Бой у Картахены (1798)

Поделись знанием:
Перейти к: навигация, поиск
Сражение 15 июля 1798
Основной конфликт: Французские революционные войны

Захват Доротеи, 15 июля 1798
Томаса Виткомба
Дата

15 июля 1798

Место

97 миль (156 км) к юго-востоку от Картахены, Испания

Итог

Победа англичан

Противники
Великобритания Испания
Командующие
Капитан Мэнли Диксон Коммодор Дон Феликс О'Нил
Силы сторон
Линейный корабль
HMS Lion
Фрегаты
Pomona
Proserpine
Santa Cazilda
Santa Dorotea
Потери
2 раненых 20 убитых, 32 раненых, Santa Dorotea захвачен
 
Англо-испанская война (1796—1808)
Кадисский залив

Картахена (1)Сан-ВисентеТринидадСан-ХуанКадисСанта-КрусКартахена (2)Сент-Джордж КейМеноркаГибралтарФеррольЗалив АльхесирасГибралтарский заливМыс Санта-МарияБулоньМыс ФинистерреТрафальгарГаванаРио-де-Ла-ПлатаРота


Сражение 15 июля 1798, или бой у Картахены — второстепенное морское сражение периода французских революционных войн, произошло 15 июля 1798 года в 97 милях к юго-востоку от Картахены, Испания. В этом бою линейный корабль Королевского флота HMS Lion под командованием капитана Мэнли Диксона одержал победу над эскадрой из четырёх испанских фрегатов под командованием коммодора Дона Феликса O’Нила.

Lion был одним из нескольких кораблей, отправленных в западное Средиземноморье вице-адмиралом графом Сент-Винсентом, командующим британским Средиземноморским флотом, базирующимся на Тахо в Португалии, в конце весны 1798 года. Испанские суда были рейдерами, которые отплыли из Картахены в Мурсии семью днями ранее, и были перехвачен при возвращении на базу после неудачного похода. Хотя вместе мощь испанских судов превосходила британское судно, по отдельности они были слабее и коммодор О’Нил не смог скоординировать действия своей эскадры. В результате один из фрегатов, Санта Доротея, отстал от остальных кораблей и был атакован Lion. Несмотря на эффективный огонь с дальней дистанции по британскому кораблю остальной части испанской эскадры, отрезанная Санта Доротея была вынуждена сдаться. О’Нил в конечном итоге вернулся обратно к Картахену с оставшимися фрегатами.
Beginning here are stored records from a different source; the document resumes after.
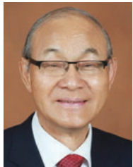
심 갑 보 대중회 부회장
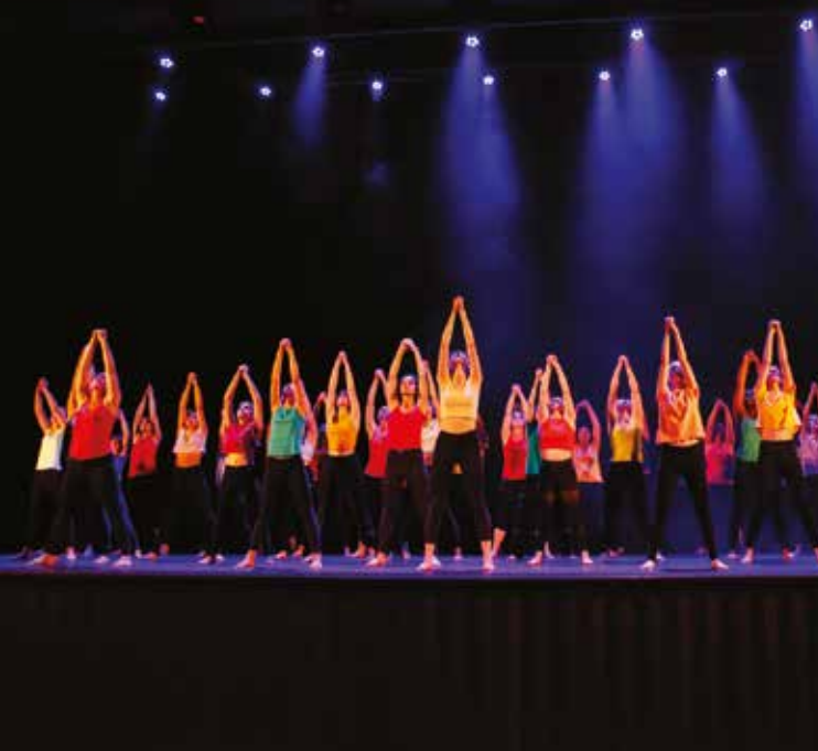
Les danseuses de Choréa Corps en spectacle
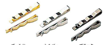
ゴールド シルバー ブラック
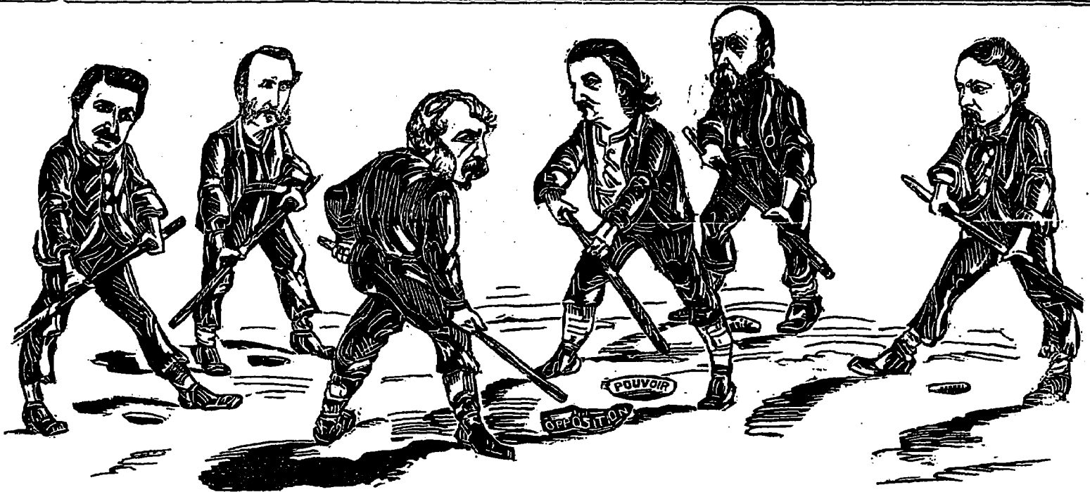
LES BLEUS ET LES ROUGES JOUANT "A LA TRUIE"

Не встретив сопротивления, Диксон смог сохранить свой приз и отправить его во флот графа Сент-Винсента в Кадис, где он был впоследствии приобретен для Королевского флота. Lion остался в Средиземном море ещё год, принял участие в блокаде Мальты и Александрии. Испанцы, чьи морские порты были блокированы эскадрами Королевского флота, не предпринимали никаких активных действий в Средиземном море в течение года.





Предыстория

В начале 1797 г., Средиземное море полностью находилось под контролем французского флота и их союзников, в том числе Испании, которая перешла на сторону французов в конце 1796 по условиям Договора в Сан-Ильдефонсо. Не имея доступа к глубоководным гаваням и испытывая нехватку запасов, Королевский флот, развернутый в Средиземном море под командованием вице-адмирала сэра Джона Джервиса, был вынужден уйти в ближайший союзный порт в устье реки Тежу в Португалии.[1] Хотя англичанам и пришлось отступить, флот Джервиса был вполне боеспособен и 14 февраля 1797 г. нанес поражение Испании в битве при мысе Сент-Винсент, захватив четыре испанских линейных корабля .[2] Возобновилась блокада испанских атлантических портов, в том числе и Кадиса, важного, хорошо укрепленного порта, и испанцы не предпринимали попыток прорыва до конца года.[3]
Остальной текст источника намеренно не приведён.